Öldürme isteğiyle dolu gözleri Wang Lin'e baktı ve soğuk bir tonla konuştu, "Batı Bölgesi'nde masum insanları katlettin. Bugün ben, Yao Bingyun, senin hayatını alacağım!"

 

Wang Lin hızla geri çekildi ve ellerinde has enerjiyi topladı. Vücuduna birkaç kez vurdu ve içindeki soğuk enerji çözüldü. Aynı zamanda bir ağız dolusu öz has enerji tükürdü. Öz has enerji bir kılıca dönüştü ve doğruca Yao Bingyun'a fırladı.

 

Yao Bingyun soğuk bir ifadeyle sağ eliyle bir mühür oluşturdu ve ileri doğru işaret etti. Mavi bir ışık ışını belirdi ve parmağının ucunda toplandı. Ardından bir parlamayla birlikte önündeki her şey dondu ve buz yayılmaya devam etti.

 

Hatta Wang Lin'in tükürdüğü öz has enerji bile bir müddet ilerledikten sonra dondu.

 

Buzun yaklaştığını gören Wang Lin'in yüzü düştü ve hiç tereddüt etmeden geri çekildi. Rakibinin çok güçlü olduğunu ve kazanma şansının olmadığını biliyordu.

 

Yao Bingyun'un gözlerinde öldürme isteği parladı ve eliyle önündeki buza dokundu.

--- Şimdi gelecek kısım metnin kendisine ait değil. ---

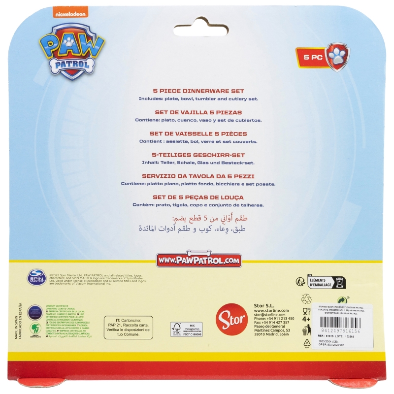 SET EASY 5 PCS (PLATO, CUENCO, VASO Y CUBIERTOS) EN CAJA PAW PATROL BOY RESCUE PUPS

Vücudu bir anda ortadan kayboldu.

 

"Buz kaçışı!" Wang Lin'in göz bebekleri büzüldü ve güçlü bir tehlike hissi yaşadı. Ağzını açtı ve kalkan olması için Semavi Mühür Damgası'nı tükürdü.

 

Semavi Mühür Damgası ortaya çıktığı anda, Yao Bingyun buz yoluyla hareket ederek Wang Lin'in önünde belirdi ve parmağını bastırdı.

 

Yao Bingyun parmağına bütün gücünü toplamıştı. İşaretiyle birlikte bir kan rünü ortaya çıktı ve parmağından Semavi Mühür Damgası'na doğru yayıldı.

 

"On Döngülü Ruh Hasarı Mührü!" Yao Bingyun elini hızla kaldırdı ve çabucak mühürler oluşturdu. Dokuz mühür hemen dokuz tane kan kırmızısı mührün oluşmasına neden oldu. Hepsi birer birer Semavi Mühür Damgası'nın üzerine geldi.

 

Bu kan rengi rünler çok garipti. Semavi Mühür Damgası'nın varlığını görmezden geldiler ve doğruca Wang Lin'e yöneldiler. Yüzü düşmüş olan Wang Lin bağırdı, "Mühür!"

 

Tek bir kelimeyle birlikte yüz binlerce altın rün ortaya çıkarak mühürler oluşturdu. Onlardan iki tanesi son derece güçlü auraya sahipti. Altın rünler, On Döngülü Ruh Hasarı Mührü'nün gücünü azaltmaya devam etti.

 

Fakat On Döngülü Ruh Hasarı Mührü çok güçlüydü ve neredeyse anında mühürleri delip geçti. On döngüden dört döngüye düşürülmüş olsa da yine de Wang Lin'in göğsüne indi.

 

Vücudunu deldi ve dört kırmızı ışık ışınına bölünerek has ruhuna doğru hücum etti.

 

Wang Lin'in vücudundan sesler geldi. Yüzü soldu ama gözlerinde muazzam bir öldürme isteği vardı. Semavi Mühür Damgası ile birlikte geri çekildi.

 

Bir anda çok uzaklara gitmişti.

 

"Yine ölmedi!" Yao Bingyun'un gözleri parladı. Xu Mu son derece garipti. Geçen sefer kaçışı şans ile açıklanabilirdi. Fakat bu sefer bütün gücünü kullanmıştı ve yine de bir Maddi Yang yetişimcisini öldürememişti. Bu durum kadının gözlerinin kısılmasına neden oldu.

 

"Has ruhunu koruyan bir semavi hazineye sahip olmalı!" Yao Bingyun alayla gülümseyerek ileri yürüdü. Arkasındaki buz Wang Lin'e doğru yayılmaya devam etti.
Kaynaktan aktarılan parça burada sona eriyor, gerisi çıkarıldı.